Given a weighted, undirected and connected graph where you have given adjacency list adj. You have to find the shortest distance of all the vertices from the source vertex src, and return a list of integers denoting the shortest distance between each node and source vertex src.
Note: The Graph doesn't contain any negative weight edge.
Input: adjList = [[[1, 9]], [[0, 9]]], src = 0
Output: [0, 9]
Explanation: The source vertex is 0. Hence, the shortest distance of node 0 is 0 and the shortest distance from node 0 to 1 is 9
Input: adjList = [[[1, 1], [2, 6]], [[2, 3], [0, 1]], [[1, 3], [0, 6]]], src = 2
Output: [4, 3, 0]
Explanation: For nodes 2 to 0, we can follow the path 2-1-0. This has a distance of 1+3 = 4, whereas the path 2-0 has a distance of 6. So, the Shortest path from 2 to 0 is 4.

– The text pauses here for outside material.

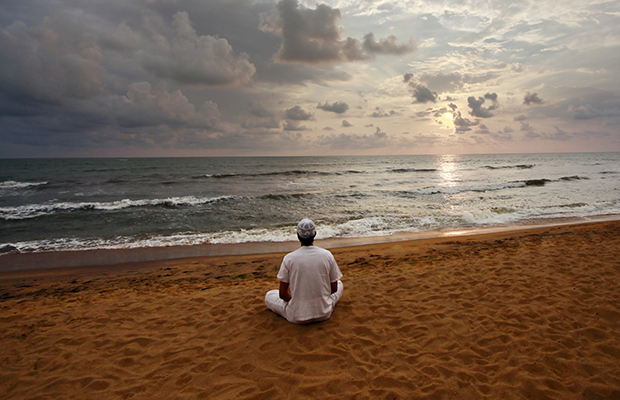 Previous Image Next Image Guy meditating at sunset sitting on coastline Guy meditating at sunset sitting on coastline

The shortest distance from 0 to 1 is 1
Company Tags: Flipkart, Microsoft
1 ≤ no. of vertices ≤ 1000
0 ≤ adjList[i][j] ≤ 1000
0 ≤ src < no. of vertices
Approach : Using Brute Force
class BruteForce {
public:
// O(V*V) & O(V) : Where V = total nodes
vector<int> shortestPath(vector<vector<P>>& adjList, int src) {
int n = adjList.size();
vector<bool> isVisited(n, false);
vector<int> minDistance(n, INT_MAX); // The ith node stores the shortest distance from source to it
minDistance[src] = 0;
int nodesProcessed = n;
while(nodesProcessed--) {
// Select a node which is not visited yet and have the minimum distance among all all the unvisited nodes
int node = -1, currDistance = INT_MAX;
for(int i = 0; i < n; ++i) {
if(!isVisited[i] && minDistance[i] < currDistance) {
currDistance = minDistance[i];
node = i;
}
}
// Mark node as visited
isVisited[node] = true;
// Relax the edges
for(auto& [neighbor, edgeWeight] : adjList[node]) {
int newDistance = currDistance + edgeWeight;
if(!isVisited[neighbor] && minDistance[neighbor] > newDistance) {
minDistance[neighbor] = newDistance;
}
}
}
return minDistance;
}
};
// Note: The above implementation is preferred for Dense GraphApproach 2 : Using Dijkstra's Algorithm (Classical Approach)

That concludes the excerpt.